The Red hand of Communism bitch-slaps a funky bass line as Amiri Baraka flips his cards and changes his suit from black to red and back again to party with a capital Y—because we like to? Not this time. As Baraka says, “And when they said, ‘Party,’ they meant an Anti-Revisionist Revolutionary Communist Party.” The corrupt bourgeois politics of the 1970s led the country down the yellow brickhouse road to a pot of red, black, and our old friend green—not the green that will save the planet, but the one that will ruin it.
Amiri Baraka sets fire to a little black piece of wax with the longest title ever—“You Was Dancin Need to Be Marchin So You Can Dance Some More Later On”—and watches the smoke signal his revolutionary brothers. The problem lies with how to feed propaganda to the peoples' feet so their minds won’t trip on the ideology. Working with comrade Al Vanderbilt, who engineered albums for Joe Henderson and Benny Troy, Baraka fashions an undeniable groove that gets the people on the floor and subverts the need to think.

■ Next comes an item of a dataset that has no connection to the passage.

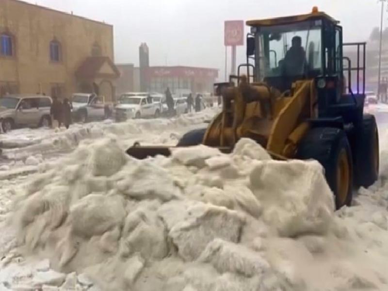 Suudi Arabistan’ın batısındaki Al-Baha şehri, Pazartesi günü bölgeyi vuran ve bazı bölgelere bir metre kadar dolu yağdıran şiddetli dolu fırtınasının ardından dönüştürüldü.

All the while, Winston Sims, whose mighty Mean Machine saxophone blew gold for the Commodores, tears at the fabric of the Advanced Workers' funk with sharp claws and a heavy sickle as the catchy phraseology of Marxism, Leninism and Mao Tze-tung rolls off the Anti Imperialist Singers’ tongues.
The flip, “Better Red Let Others Be Dead,” may have the more ominous title of the two tracks, but its jump-up disco bounce does a better job of infecting your mind through the soles of your shoes. Baraka tells the old story of the color blind leading the color blind. Where all roads lead to red, and somehow there are “Indians all over the city” that transform all men into red men. But as the record spins, the snake eats its own tail, leaving only the question of “What would red be without green?” Baraka feeds his party red people with the promise that, “The earth belongs to the people. The wealth belongs to the people.”